> **EXERCISE DIRECTIONS**: Write the lines below out exactly, dropping each picture.

> **SUPPLIED INFORMATION**:

▬▬▬▬▬▬▬▬▬▬

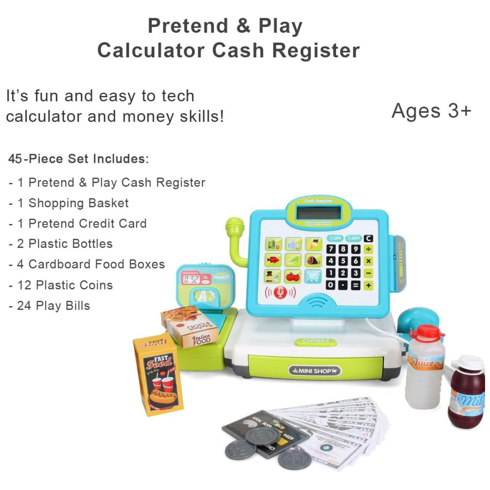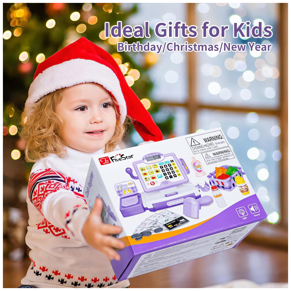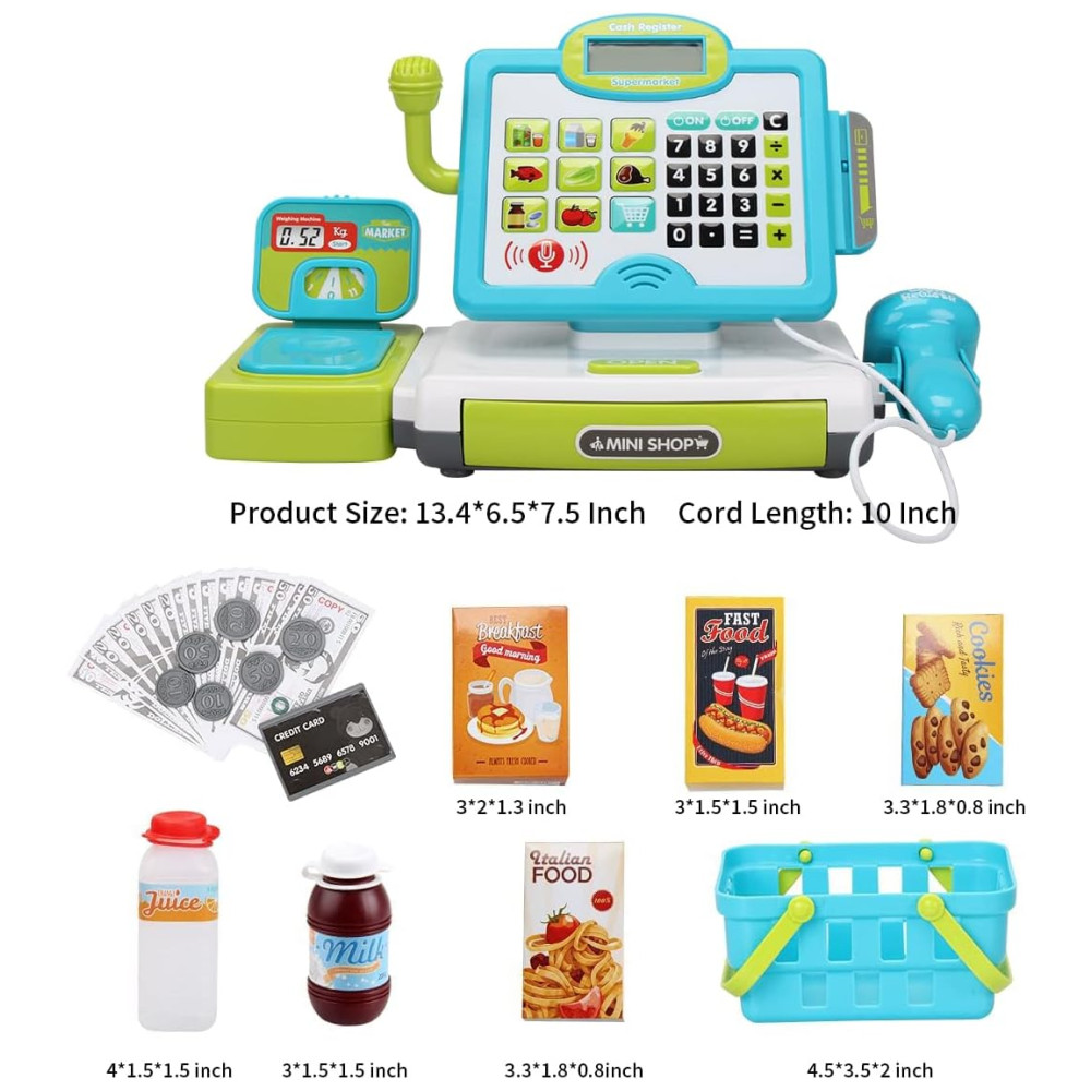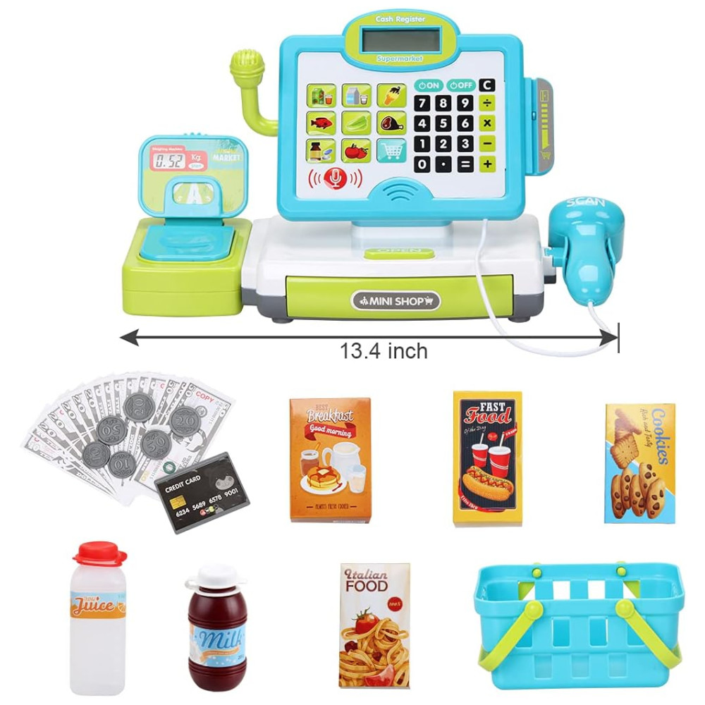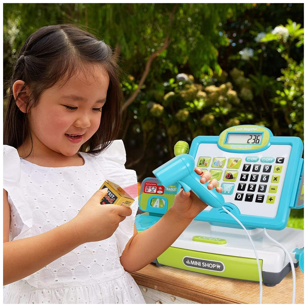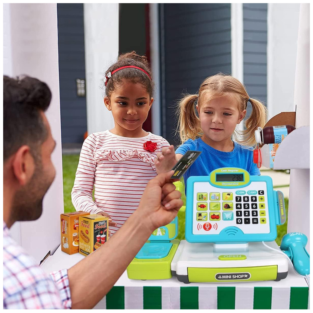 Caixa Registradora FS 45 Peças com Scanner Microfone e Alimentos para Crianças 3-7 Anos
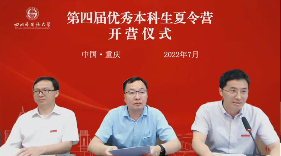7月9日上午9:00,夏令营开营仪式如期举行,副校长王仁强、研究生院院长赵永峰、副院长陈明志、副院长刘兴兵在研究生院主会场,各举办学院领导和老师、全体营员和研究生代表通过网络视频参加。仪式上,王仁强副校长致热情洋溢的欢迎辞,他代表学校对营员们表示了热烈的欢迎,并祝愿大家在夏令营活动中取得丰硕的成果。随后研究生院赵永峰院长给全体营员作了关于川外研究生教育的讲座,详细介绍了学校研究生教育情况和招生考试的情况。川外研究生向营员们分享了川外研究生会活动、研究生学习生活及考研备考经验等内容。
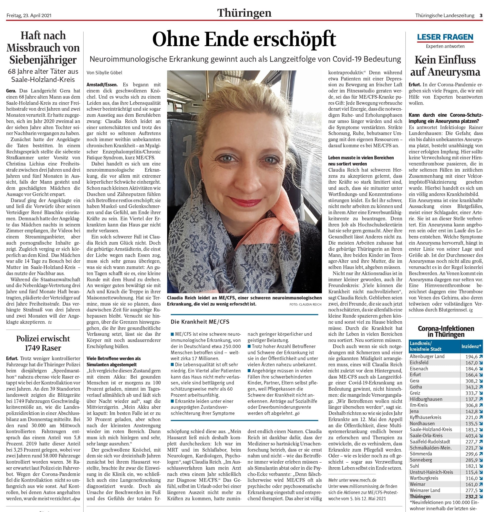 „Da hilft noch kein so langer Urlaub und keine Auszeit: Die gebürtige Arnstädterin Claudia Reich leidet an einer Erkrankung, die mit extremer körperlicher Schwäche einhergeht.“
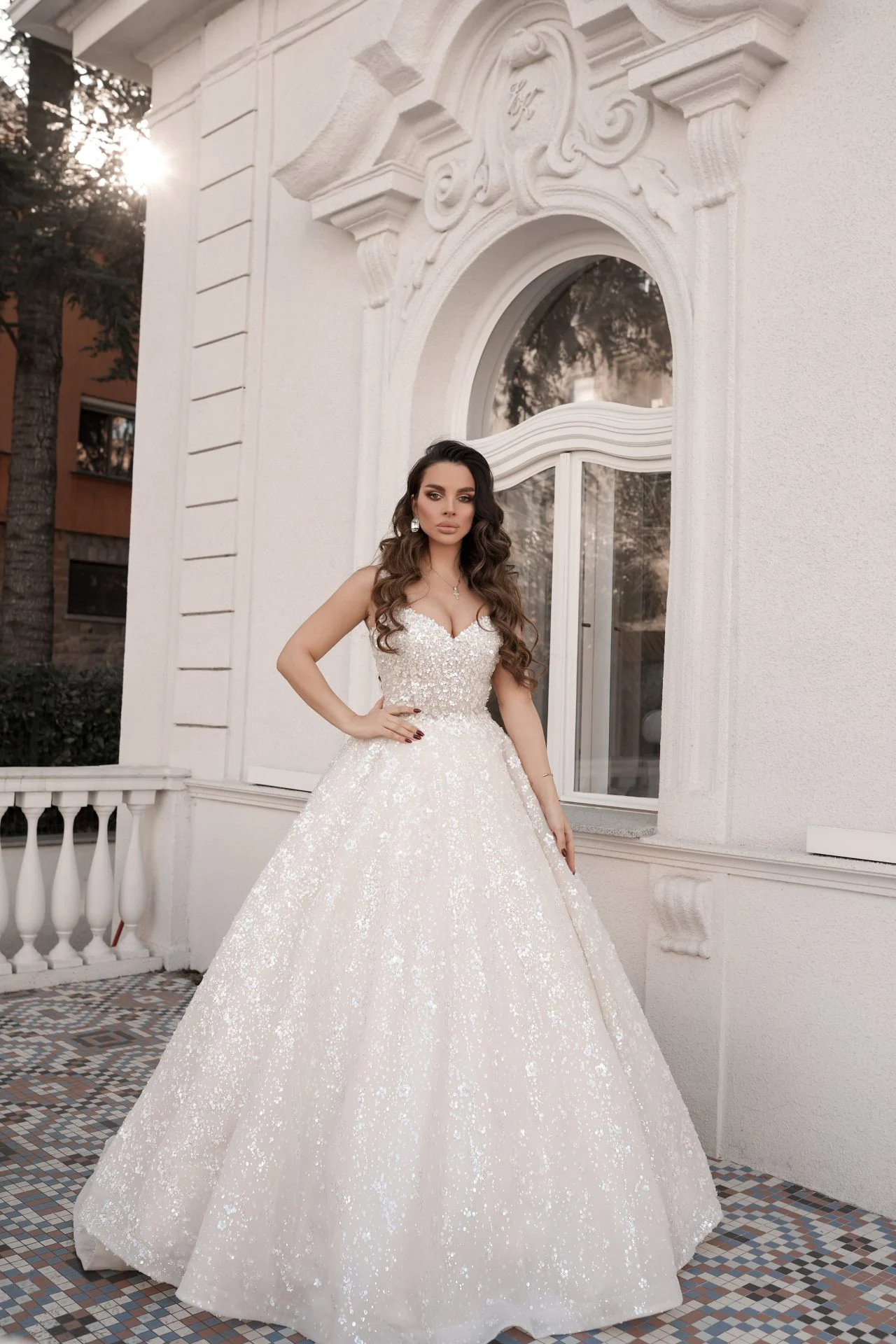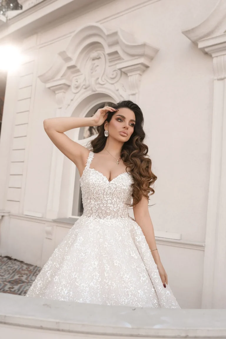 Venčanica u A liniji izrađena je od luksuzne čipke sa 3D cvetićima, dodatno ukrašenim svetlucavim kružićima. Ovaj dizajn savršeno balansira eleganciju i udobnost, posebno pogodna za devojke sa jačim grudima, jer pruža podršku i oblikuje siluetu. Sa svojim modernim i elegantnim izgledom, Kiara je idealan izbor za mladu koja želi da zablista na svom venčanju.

▬▬▬▬▬▬▬▬▬▬

> **EXERCISE OUTPUT**:
 Caixa Registradora FS 45 Peças com Scanner Microfone e Alimentos para Crianças 3-7 Anos
7月9日上午9:00,夏令营开营仪式如期举行,副校长王仁强、研究生院院长赵永峰、副院长陈明志、副院长刘兴兵在研究生院主会场,各举办学院领导和老师、全体营员和研究生代表通过网络视频参加。仪式上,王仁强副校长致热情洋溢的欢迎辞,他代表学校对营员们表示了热烈的欢迎,并祝愿大家在夏令营活动中取得丰硕的成果。随后研究生院赵永峰院长给全体营员作了关于川外研究生教育的讲座,详细介绍了学校研究生教育情况和招生考试的情况。川外研究生向营员们分享了川外研究生会活动、研究生学习生活及考研备考经验等内容。
 „Da hilft noch kein so langer Urlaub und keine Auszeit: Die gebürtige Arnstädterin Claudia Reich leidet an einer Erkrankung, die mit extremer körperlicher Schwäche einhergeht.“
 Venčanica u A liniji izrađena je od luksuzne čipke sa 3D cvetićima, dodatno ukrašenim svetlucavim kružićima. Ovaj dizajn savršeno balansira eleganciju i udobnost, posebno pogodna za devojke sa jačim grudima, jer pruža podršku i oblikuje siluetu. Sa svojim modernim i elegantnim izgledom, Kiara je idealan izbor za mladu koja želi da zablista na svom venčanju.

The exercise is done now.